Я уже натянул на себя пижамную рубашку и готовился взяться за штаны. Она и не думала отворачиваться, продолжая выжидающе стоять прямо у изголовья моей кровати. Наплевав на условности и ненужное стеснение, я откинул одеяло и свесил ноги вниз.

Перед глазами тотчас поплыли круги. Пол под ногами плавно закачался, то отдаляясь, то почти вплотную приближаясь к лицу. Слабость накатила с прежней силой.
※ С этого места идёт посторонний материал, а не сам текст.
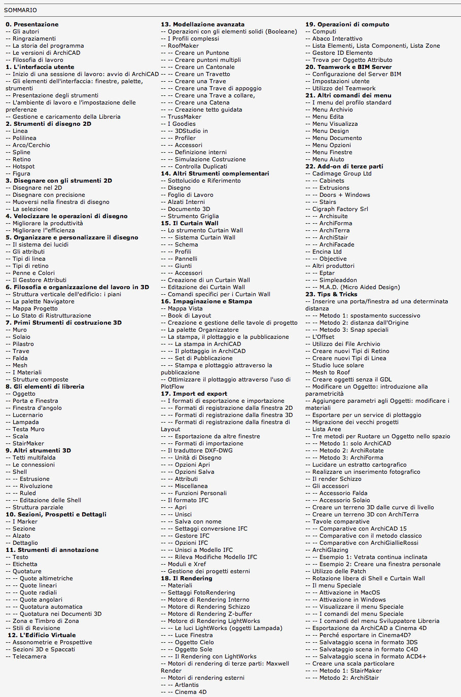 In questa edizione abbiamo voluto inserire molti tutorial e suggerimenti utili per il lavoro quotidiano del progettista, con esempi pratici su come realizzare i disegni comparativi (gialli/rossi), su come lucidare un estratto cartografico, realizzare un inserimento fotografico del modello e altro ancora. Adesso non ci sono più scuse per imparare ad usare ArchiCAD: all'interno del manuale troverete tutto ciò che avrete bisogno di sapere spiegato in modo semplice e chiaro e corredato da immagini di esempio. Questo non è un semplice manuale, ma è IL Manuale per apprendere l'uso di ArchiCAD o anche solo per approfondire le novità della versione 15.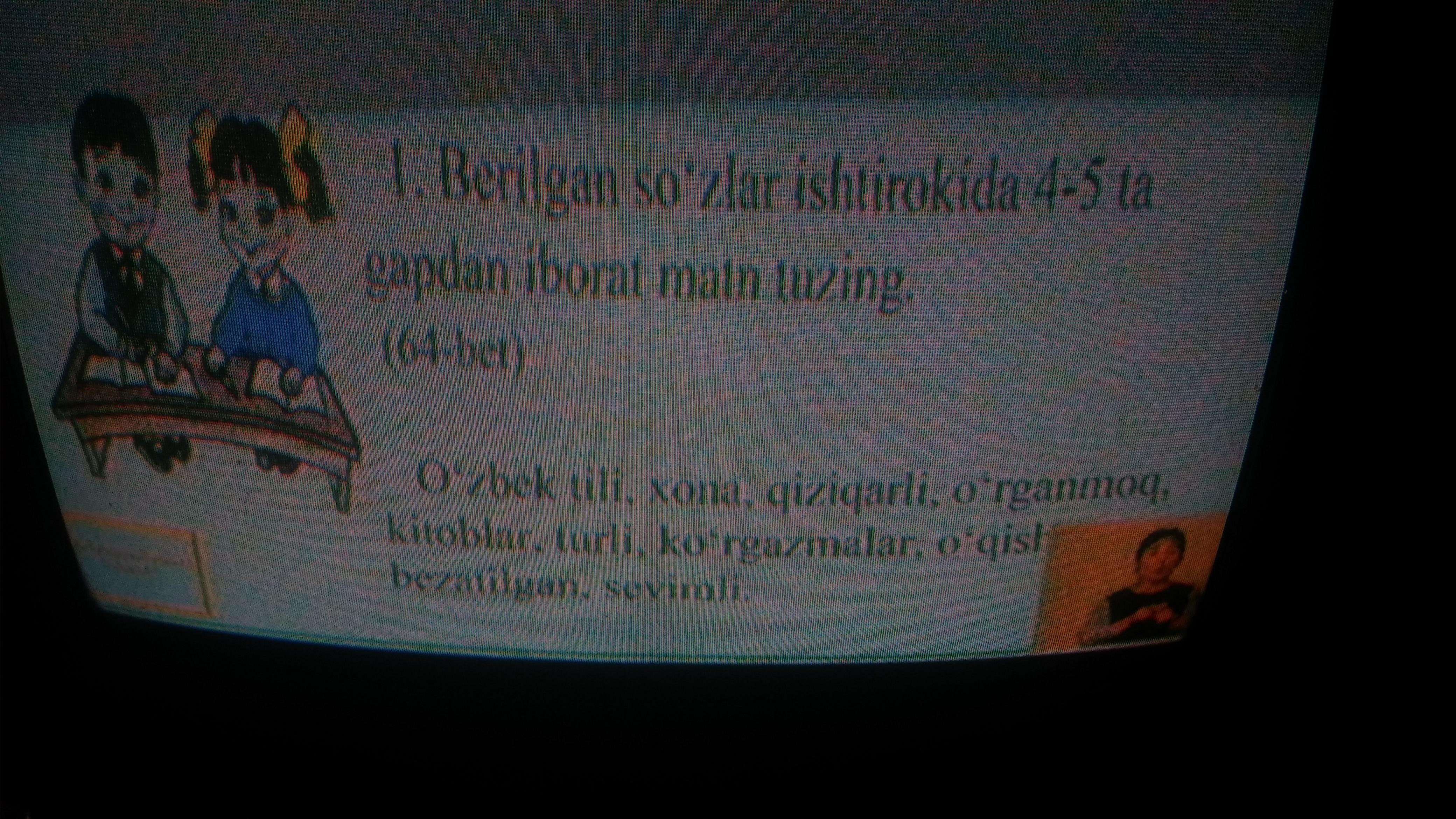 Bizning o'zbek tili xonasi juda keng va yorug'. Bu xonada biz o'zbek tili fanidan qiziqarli darslar o'tamiz. O'zbek tili xonasi o'qib-o'rganishimizga juda qulay. Bu yer nodir kitoblar, tutli ko'rgazmalar bilan bezatilgan. O'zbek tili xonasi mening eng sevimli xonam.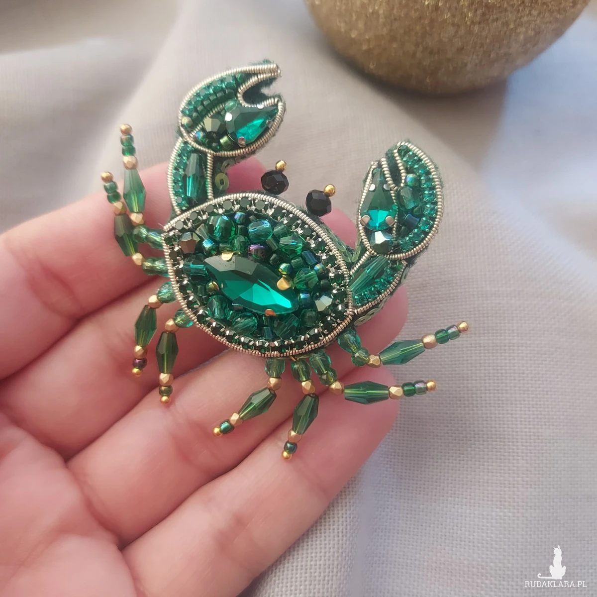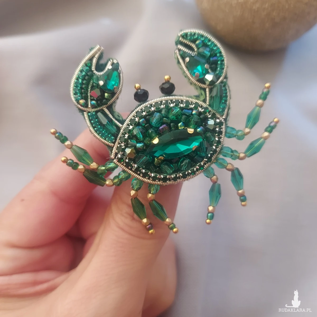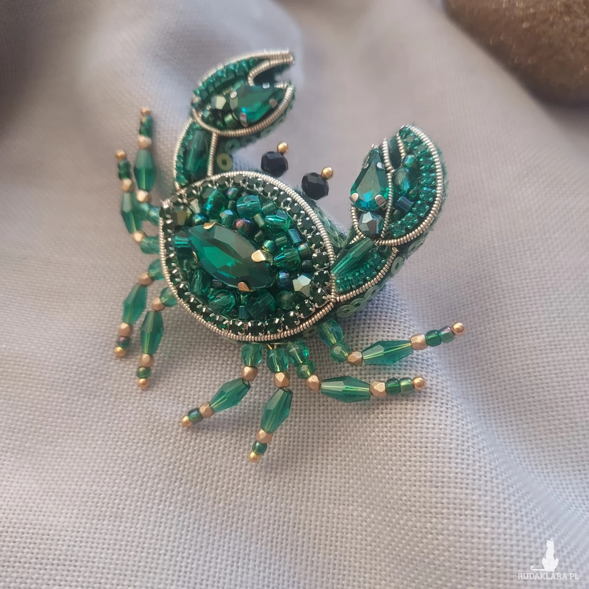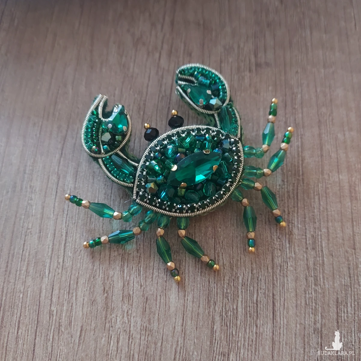 Zanurz się w świat morskich głębin z wyjątkową broszką KRABA w kolorze szmaragdowym. Powstała techniką haftu koralikowego.
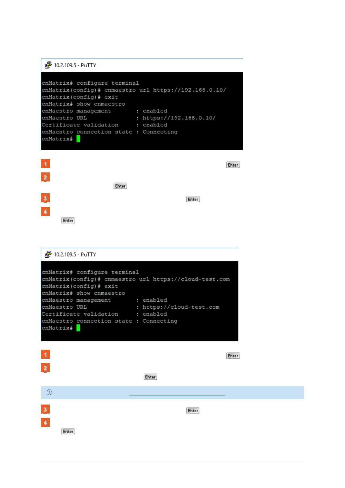 Type the show cnmaestro command into the terminal to display cnMaestro information. Press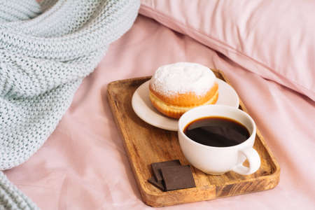 Morning breakfast in bed with fresh and hot bracing coffee, a doughnut in powdered sugar and three slices of chocolate on a wooden tray against a backdrop of pink sheets and blue plaid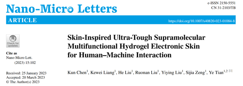 近日,东北大学医学与生物信息工程学院田野课题组在水凝胶电子皮肤领域取得重要突破,相关工作以“Skin-inspired ultra-tough supramolecular multifunctional hydrogel electronic skin for human-machine interaction”为题发表在国际知名期刊《Nano-Micro Letters》(影响因子23.655)上。文章第一作者是东北大学医学与生物信息工程学院硕士研究生陈坤,通讯作者为东北大学医学与生物信息工程学院田野副教授,通讯单位为东北大学医学与生物信息工程学院。

Вцепившись пальцами в края матраса, я зажмурился и, в попытке восстановить сбой в работе вестибулярного аппарата, несколько раз глубоко вдохнул, а затем медленно выдохнул воздух.

— Ну вот, что я говорила? — тихо воскликнула медсестра. Придерживая за плечо, она поднесла к моим губам кружку с водой. — Сделайте глоток и не торопитесь вставать. Нет, женщин мы не бреем, только в каких-то очень запущенных случаях. А так обычно хватает простой обработки. Может, сделаете свои дела в утку?

Я отрицательно мотнул головой. Слабость постепенно отступала, а после глотка воды мне с ее помощью удалось натянуть на себя и штаны. Встал на ноги я тоже при ее содействии. Медсестра доставала лишь до моей груди, но для такого маленького роста оказалась довольно сильна.

Когда я резко качнулся в сторону, она ловко подхватила меня под локоть и удержала на месте. Раньше я весил около девяносто трех килограммов при росте без малого метр девяносто, но теперь мой вес вряд ли достигал и восьмидесяти и все же, для ее комплекции он был отнюдь немалым. После того, как ко мне окончательно вернулось равновесие, а ноги обрели относительную устойчивость, она, по-прежнему придерживая под локоть, повела меня к туалету.

Помещение, в котором мы очутились, покинув мою импровизированную палату, имело внушительные размеры. В душном, разреженном тусклым светом ночных ламп полумраке, рядами стояли койки со спящими людьми, но только некоторые из них были отделены брезентовыми перегородками. Я догадался, что за ними лежат тяжелые пациенты.

Отовсюду пахло лекарствами, хлоркой и людским потом. Храп, невнятное бормотание и тихое посапывание слышались тут отчетливее. В самом дальнем углу этой сонной юдоли располагался выход на лестничную клетку, душевые и, собственно, сами туалеты. Медсестра довела меня до дверей одного из них, сняла с плеча мою руку и предложила:

— Идите, я подожду здесь. Или вам потребуется помощь?

На губах ее снова мелькнула веселая усмешка.

— Нет, как-нибудь справлюсь сам, — найдя в себе силы, ухмыльнулся я.

Справился я действительно без проблем, однако когда подошел к раковине и наткнулся на свое отражение в зеркале, на несколько секунд растерянно замер. Из него на меня смотрело худое, бескровное лицо со впалыми щеками и резко выпирающими вперед скулам. Брови на этом болезненно-бледном лице казались темнее и шире обычного, а глаза, оттененные синими кругами, сверкали лихорадочным блеском.

Я походил на человека, пережившего кораблекрушение или же скорее на узника концлагеря, что, впрочем, было недалеко от истины. Обветренные бесцветные губы и обритый налысо череп лишь усиливали это сходство. Задрав пижаму, я осмотрел также свои торчащие ребра и глубоко ввалившийся живот. Ну точно — ни дать ни взять узник лагеря смерти.